Fong Ka Chio foi um desses exemplos. “Concordo com as soluções consagradas na proposta, no entanto, não vejo matérias para concretizar o desenvolvimento profissional na área de serviço social. Deve também ser tida em conta a possibilidade de ascender profissionalmente”, destacou.

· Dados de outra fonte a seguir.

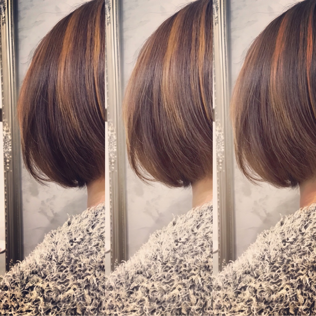 ブリーチにTHROWのブラウンって中々使わないのですが『オレンジ』くらいまで抜けたところにのせるとツヤ感がしっかり出てくれるので、ボブ系など『面』を強調するスタイルには向いてますね。

A AL irá continuar hoje a discussão e aprovação na generalidade da proposta de lei do Regime Jurídico da Habitação Social, com a presença do Secretário Raimundo do Rosário.

 

NA AGENDA DOS DEPUTADOS

Em defesa do Hino

O deputado Mak Soi Un concorda com a decisão de avançar com uma legislação local para a implementação da Lei do Hino Nacional, mas considera que alguns comportamentos devem ser regulamentados. A esse nível, sugere ainda que seja reforçada a educação cívica no âmbito da divulgação e sensibilização sobre a execução do hino nacional.

 

Captar mais agentes

Além do regime de previdência existente, o Governo deve ponderar criar um novo regime de pensão ou recuperar o de aposentação e sobrevivência para atrair mais quadros para o Corpo de Polícia de Segurança Pública, sugeriu Mak Soi Kun. Para o deputado, a corporação deve ter uma “reserva de talentos” para garantir a estabilidade da sociedade, já que se debate com a “saída de pessoal” pois é “cada vez maior” a procura destes tipo de profissionais por grandes empresas.

 

Divulgar lei das rendas

Atendendo a que a Lei do Arrendamento entrará em vigor dentro de quatro meses, a deputada Song Pek Kei exortou os serviços competentes a serem “mais activos” e aplicarem “mais esforços na divulgação da lei”. “A lei do arrendamento contém poucos artigos, mas produz influências longas e profundas no regime”, avisou. Por isso, cabe aos “serviços de divulgação jurídica ser activos na assunção da divulgação das novas leis”.

 

Lacunas na lei laboral

Tendo em conta as necessidades reais, “há que avançar com melhorias dos direitos e interesses dos trabalhadores”, defende Lei Chan U. O deputado realça ainda que a optimização do regime de padrões laborais deve ser feita “gradualmente”, mas lamenta que algumas questões não estejam previstas na revisão da Lei Laboral, actualmente em fase de consulta pública.

 

Rever estatuto de docentes

Para a deputada Chan Hong, o Estatuto do Pessoal Docente deve ser revisto o quanto antes, bem como elaborado um diploma que regule a avaliação do desempenho e desenvolvimento destes profissionais. Segundo indicou, há 500 docentes nas escolas públicas que precisam de trabalhar em várias vertentes. Além disso, são obrigados a ter mais “tempos lectivos” semanais, comparativamente a profissionais do sector privado.

 

Gerir recursos educativos

Tem de ser “usado um bom aço na lâmina das espadas”. A expressão é de Au Kam San para se referir à necessidade de aplicar recursos no ensino com “precisão”. “O sector do ensino já tem recursos relativamente suficientes, por isso, devem ser definidos objectivos para a sua aplicação”, notou. Para o deputado, o ensino de acordo com as capacidades dos alunos é “fraco”.